Use OK to test your code:

python3 ok -q filtered_accumulate

Question 4: Repeated

Implement repeated(f, n):

  • f is a one-argument function that takes a number and returns another number.
  • n is a non-negative integer

repeated returns another function that, when given an argument x, will compute f(f(....(f(x))....)) (apply f a total n times). For example, repeated(square, 3)(42) evaluates to square(square(square(42))). Yes, it makes sense to apply the function zero times! See if you can figure out a reasonable function to return for that case.

def repeated(f, n):
    """Return the function that computes the nth application of f.

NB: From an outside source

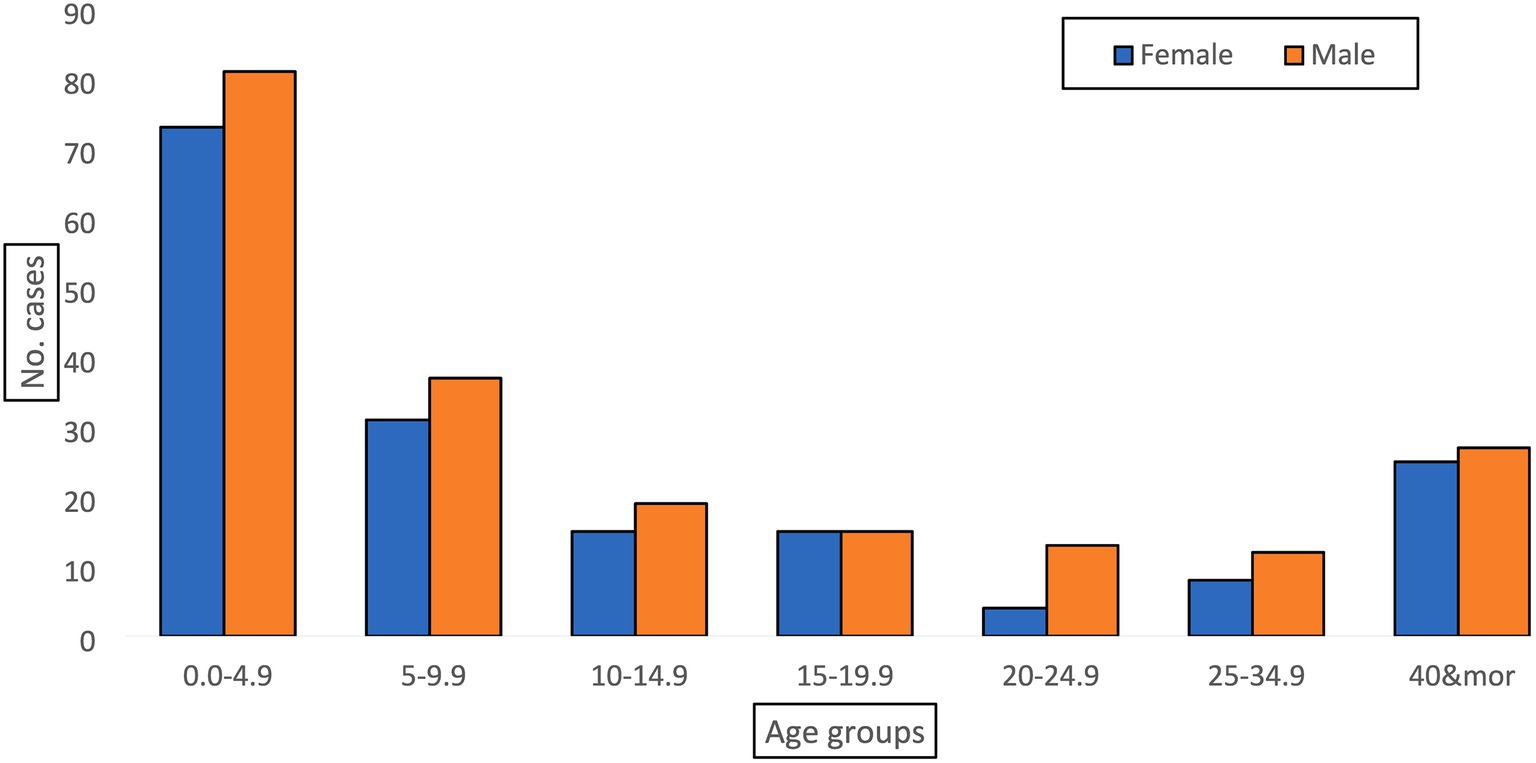 The system revealed its usefulness in detecting the disease and providing valuable epidemiologic indicators to inform decisions. From the line-list, we calculated the overall attack rate (2.36 cases/100,000 population at risk), the positivity rate for the tested specimens (72% positivity rate), time trends of the disease (Figure 1), place distribution, and age distribution (Figure 2). All of these indicators were well represented in the epidemiologic reports from the surveillance directorate and shared with the relevant stakeholders.

    >>> add_three = repeated(increment, 3)
    >>> add_three(5)
    8
    >>> repeated(triple, 5)(1) # 3 * 3 * 3 * 3 * 3 * 1
    243
    >>> repeated(square, 2)(5) # square(square(5))
    625
    >>> repeated(square, 4)(5) # square(square(square(square(5))))
    152587890625
    >>> repeated(square, 0)(5)
    5
    """
    "*** YOUR CODE HERE ***"

Hint: You may find it convenient to use compose1 from the textbook:

def compose1(f, g):
    """Return a function h, such that h(x) = f(g(x))."""
    def h(x):
        return f(g(x))
    return h

Use OK to test your code:

python3 ok -q repeated

Question 5: G function

A mathematical function G on positive integers is defined by two cases:

G(n) = n,                                       if n <= 3
G(n) = G(n - 1) + 2 * G(n - 2) + 3 * G(n - 3),  if n > 3

Write a recursive function g that computes G(n). Then, write an iterative function g_iter that also computes G(n):

def g(n):
    """Return the value of G(n), computed recursively.

    >>> g(1)
    1
    >>> g(2)
    2
    >>> g(3)
    3
    >>> g(4)
    10
    >>> g(5)
    22
    >>> from construct_check import check
    >>> check(HW_SOURCE_FILE, 'g', ['While', 'For'])
    True
    """
    "*** YOUR CODE HERE ***"

def g_iter(n):
    """Return the value of G(n), computed iteratively.

    >>> g_iter(1)
    1
    >>> g_iter(2)
    2
    >>> g_iter(3)
    3
    >>> g_iter(4)
    10
    >>> g_iter(5)
    22
    >>> from construct_check import check
    >>> check(HW_SOURCE_FILE, 'g_iter', ['Recursion'])
    True
    """
    "*** YOUR CODE HERE ***"

Use OK to test your code:

python3 ok -q g
python3 ok -q g_iter

Question 6: Ping pong

The ping-pong sequence counts up starting from 1 and is always either counting up or counting down. At element k, the direction switches if k is a multiple of 7 or contains the digit 7. The first 30 elements of the ping-pong sequence are listed below, with direction swaps marked using brackets at the 7th, 14th, 17th, 21st, 27th, and 28th elements:

1 2 3 4 5 6 [7] 6 5 4 3 2 1 [0] 1 2 [3] 2 1 0 [-1] 0 1 2 3 4 [5] [4] 5 6

Implement a function pingpong that returns the nth element of the ping-pong sequence. Do not use any assignment statements; however, you may use def statements.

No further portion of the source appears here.